On peut aussi partir à la rencontre d’œuvres comportant des références à la pièce
étudiée : cf. le film d’Ernst Lubitsch To be or not to be (1942), qui montre une troupe
d’acteurs jouant Hamlet dans Varsovie que les Allemands viennent d’envahir, ou de
Hamlet goes business (1988) de Aki Kaurimaski, réalisateur finlandais né en 1957 ; on
peut aussi aller voir la pièce de Heiner Müller (1929-1995) Hamlet Machine (1979),
formidable compression en neuf pages de la pièce de Shakespeare, mais aussi de
nombreux mythes littéraires, d’idéologies, d’événements historiques.

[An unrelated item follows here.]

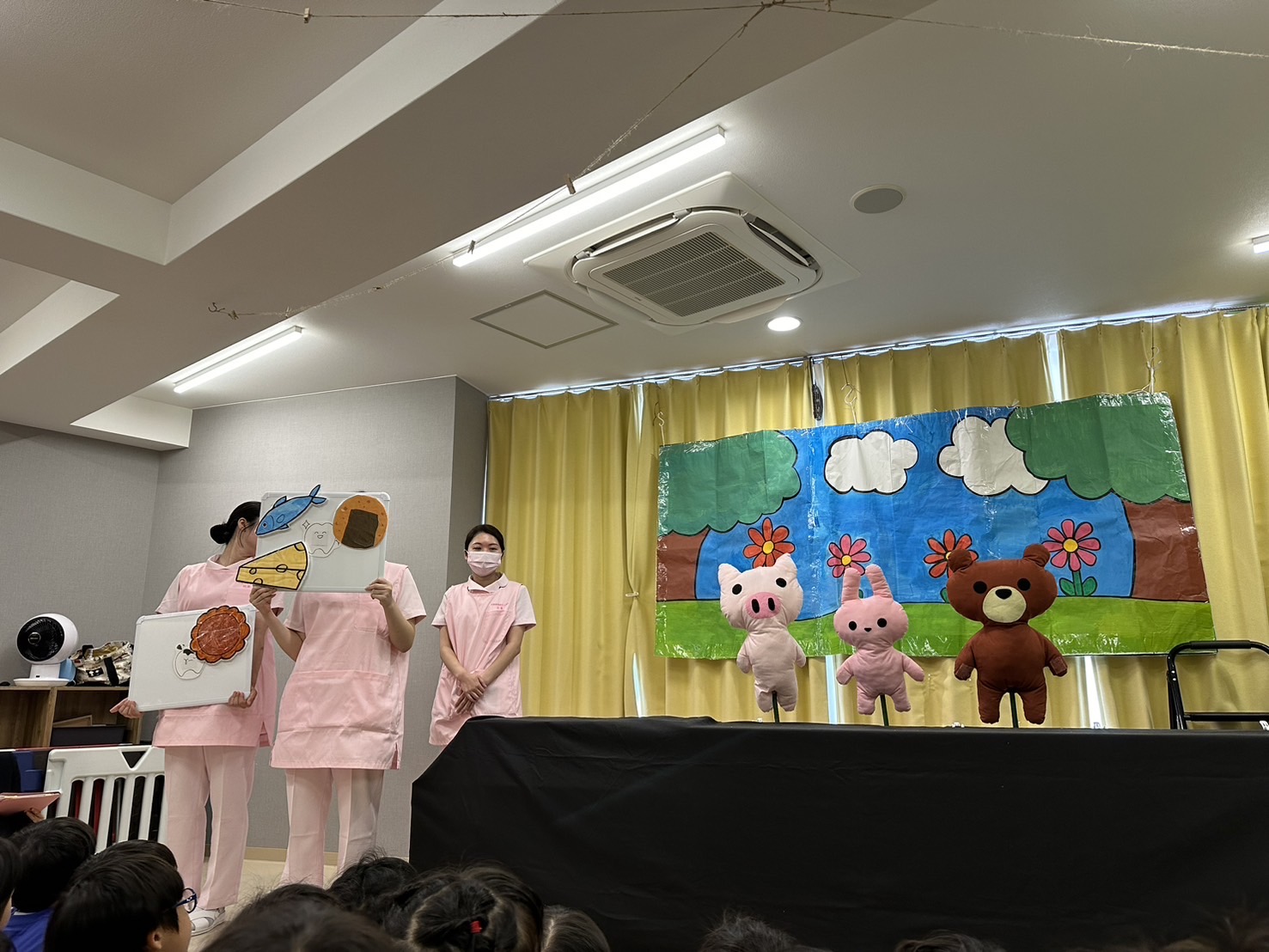 兵庫歯科衛生士学院の学生さんたちをお招きし、虫歯予防の人形劇と歯磨き指導をしていただきました。

ANALYSES DE MISES EN SCENE ET DE FILMS
De nombreuses mises en scène sont disponibles à la location : on recommande celle de
Peter Brook, suivie d’un documentaire sur le metteur en scène, et celle de Patrice
Chéreau.
Si le lycée dispose d’une classe d’études cinématographiques, on pourra proposer aux
élèves d’étudier le film d’Ingmar Bergman (né en 1981) Fanny et Alexandre (1982)
pour lequel le réalisateur s’est beaucoup inspiré d’Hamlet. Cet atelier pourrait servir de
prolongement dans le domaine cinématographique du groupement de textes sur
« L’intertextualité et la réécriture des textes classiques ».
CLASSE DE MUSIQUE
Si le lycée dispose d’une option musique, il serait intéressant de faire visionner aux
élèves tout ou partie du film Hamlet de Grigori Kosintev (1964) dont la musique a été
composée par le grand compositeur Dmitri Chostakovitch (1906-1975). On pourra
demander aux élèves de faire une présentation à leurs camarades non musiciens de cette
bande sonore.
ATELIER DE TRADUCTION
La traduction de Shakespeare a toujours été l’enjeu d’un débat important. On pourra
organiser avec la participation d’un collègue angliciste un atelier de traduction où les
élèves pourraient comparer les traductions possibles d’un même passage de la pièce. Un
matériau abondant est disponible pour réaliser un tel projet dans le numéro 947 de
l’Avant-Scène portant sur Hamlet et comportant un intéressant corpus de traductions.